The expected output is each line from the one containing "本网讯(外国语学院 供稿)1" to the last line of the data below, set down exactly, minus the pictures.

DATA
______

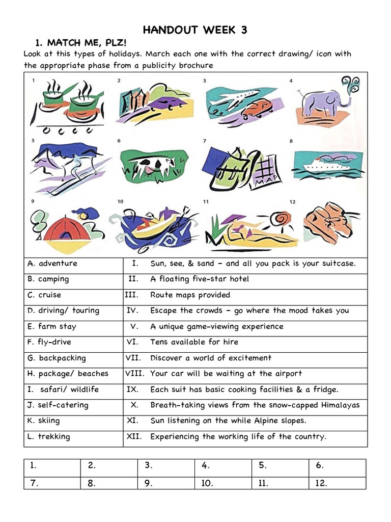 Look at this types of holidays. March each one with the correct drawing/ icon with
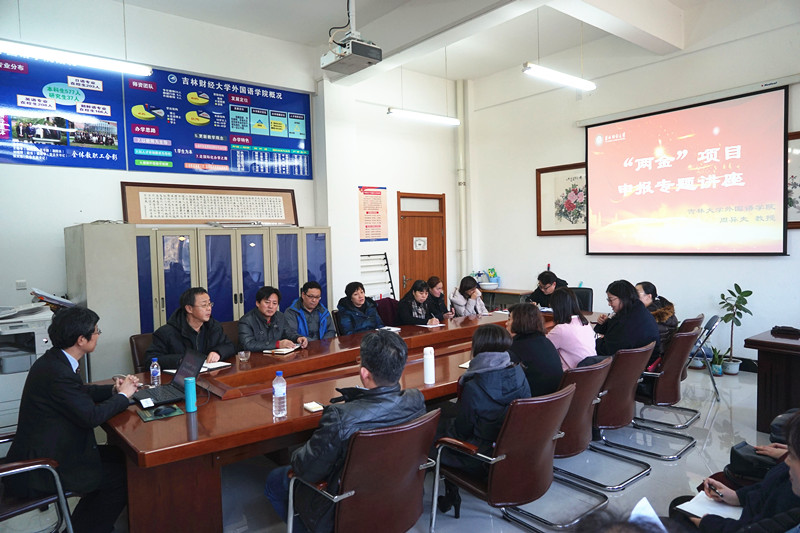 本网讯(外国语学院 供稿)11月29日,应Beat365外国语学院邀请,吉林大学外国语学院院长、教授、博士生导师周异夫教授为外国语学院教师作了“两金”项目申报专题报告,报告由外国语学院院长刘曙野教授主持。
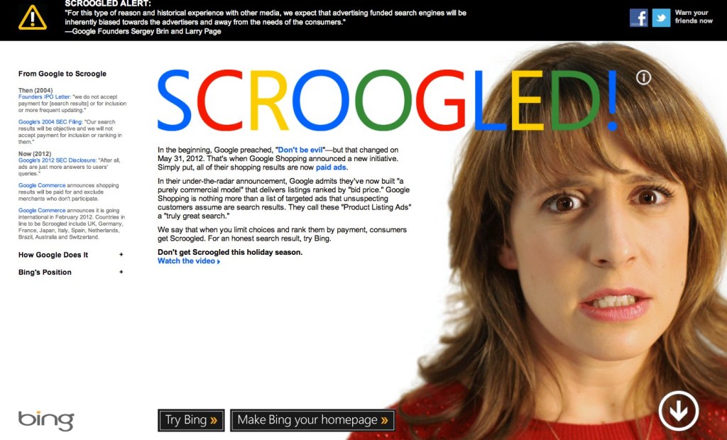 Microsoft started a rather controversial anti-Google campaign this morning that alleged Google is essentially misleading its users because all of the company’s shopping results are now paid. The “Don’t Get Scroogled” page is getting quite a bit of attention today, but at the same time, there is also some unease about how Bing organizes its own shopping results.

______

RESULT BELOW
 本网讯(外国语学院 供稿)11月29日,应Beat365外国语学院邀请,吉林大学外国语学院院长、教授、博士生导师周异夫教授为外国语学院教师作了“两金”项目申报专题报告,报告由外国语学院院长刘曙野教授主持。
 Microsoft started a rather controversial anti-Google campaign this morning that alleged Google is essentially misleading its users because all of the company’s shopping results are now paid. The “Don’t Get Scroogled” page is getting quite a bit of attention today, but at the same time, there is also some unease about how Bing organizes its own shopping results.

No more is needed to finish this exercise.